Une équipe de la KU Leuven, parmi laquelle le Pr Jan Tytgat, responsable du Laboratoire de toxicologie et de pharmacologie, le Pr Eva Cuypers et la doctorante Elien Rosier, a réussi à percer le secret de l'odeur de la mort. Les toxicologues louvanistes ont en effet identifié plusieurs composés organiques volatils (COV) propres à la chair humaine en décomposition.

Depuis quand et de quelle manière avez-vous entamé cette étude plutôt surprenante ?
Jan Tytgat : Nous avons répondu à une requête de la police fédérale avec laquelle notre laboratoire de toxicologie est en contact journalier. Elle dispose de chiens pisteurs qui sont entraînés à renifler des molécules spécifiques dans le but de retrouver des corps humains qui ont disparu.

Toutefois, quand ils découvrent quelque chose, bien souvent, il s'agit d'un faux positif dans la mesure où ce qu'ils ont détecté c'est le cadavre d'un animal domestique qui, comme celui d'un être humain, émet dans l'environnement un large spectre de COV.
Depuis plus d'une décennie, les recherches visant à identifier ces COV se sont multipliées mais, jusqu'ici, il n'y avait pas encore eu d'étude en profondeur permettant de savoir s'il existe une combinaison de COV spécifique aux humains.
Décrire avec précision le cocktail chimique qui donne au corps humain en décomposition son odeur si particulière, voilà le défi que nous avons voulu relever il y a cinq ans d'ici à la suite de la demande de la police fédérale.

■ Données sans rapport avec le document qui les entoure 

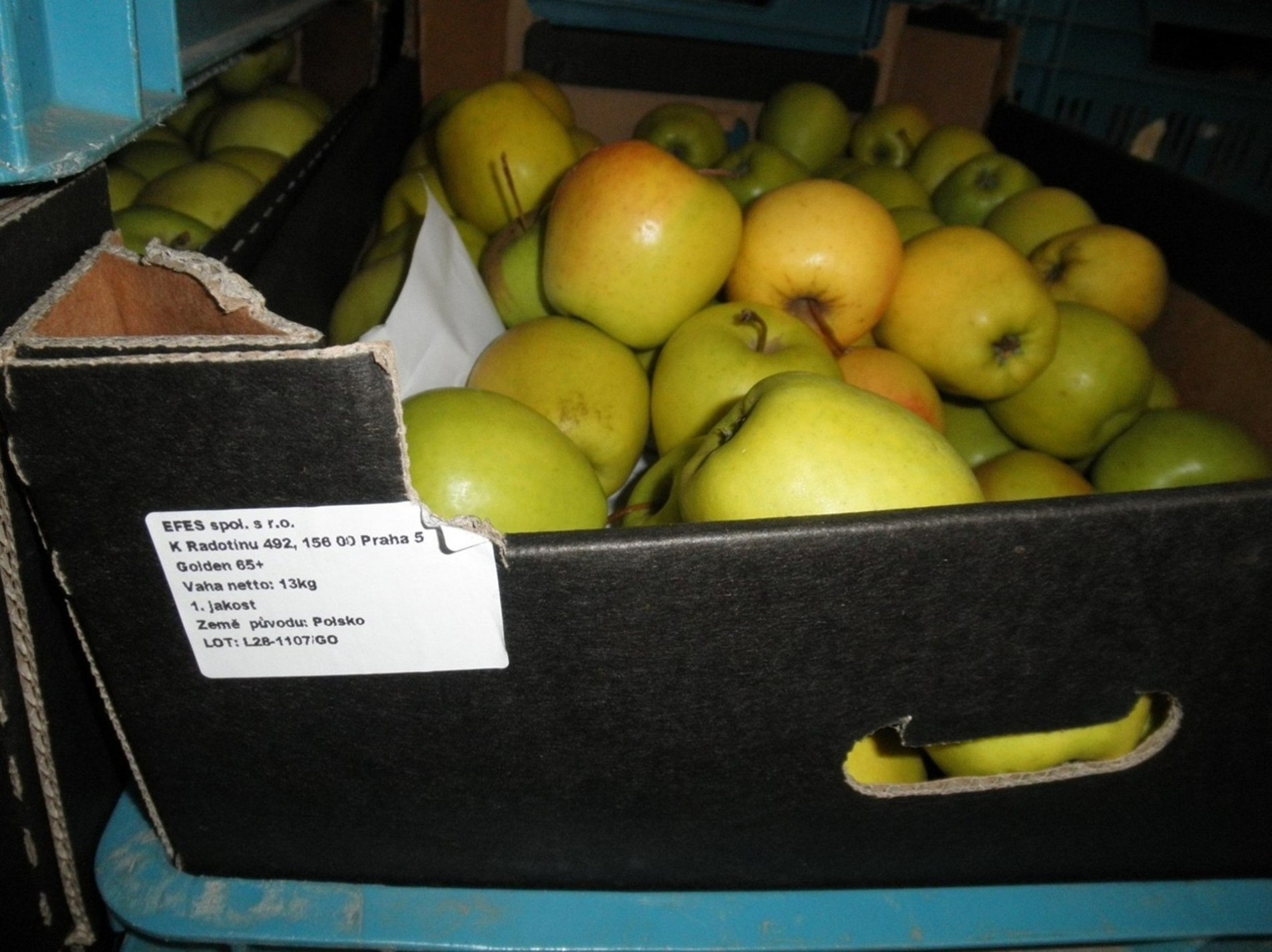 Nevyhovující šarži dovezla do ČR společnost EFES, spol. s r.o., Praha 5 a do tuzemské tržní sítě uvolnila přes další subjekty téměř 7,5 tuny těchto jablek. Dodavatelem na polské straně je společnost P.P.H. “EWA-BIS“ Sp. z o.o., 02-233 Warszawa, Serwitufy.

Comment avez-vous procédé pour trouver ce fameux cocktail ?

Nous avons introduit dans des bocaux six échantillons de tissus humains et 26 de tissus provenant de nombreuses espèces d'animaux, entre autres le porc, la souris, la taupe, le lapin, la tortue, la grenouille, divers poissons et oiseaux..., et nous les avons laissés se décomposer durant six mois dans cet environnement fermé. Au cours de cette période, les récipients ont été ouverts périodiquement afin de récupérer les gaz libérés par les restes et d'isoler leurs différents composés.
Nous avons ensuite procédé à une analyse qualitative et quantitative des COV libérés en ayant recours à une méthode couplant la désorption thermique, la chromatographie gazeuse et la spectrométrie de masse.

Et quels ont été les résultats de cette analyse complexe ?

Au total, pas moins de 452 substances chimiques spécifiques ont été isolées, mais toutes n'étaient pas présentes chez chaque espèce, ni chaque spécimen en décomposition. En comparant les résultats obtenus, nous avons pu mettre en lumière une combinaison de huit composés permettant de différencier l'odeur des cadavres humains et porcins par rapport à l'intégralité des autres espèces. Une proximité qui n'est guère étonnante quand on sait que l'homme et le cochon partagent de nombreuses similarités biologiques, notamment la quantité de graisse corporelle, le nombre de poils, ainsi que la flore intestinale.
Finalement, grâce à des analyses encore plus poussées, nous avons réussi à isoler un mélange de cinq composés organiques qui caractérisent l'odeur de la mort humaine et qu'on ne retrouve pas chez le porc. Les composés en question sont des esters, des molécules qui sont souvent à l'origine de l'arôme des fruits mais qui sont aussi présentes dans la graisse animale.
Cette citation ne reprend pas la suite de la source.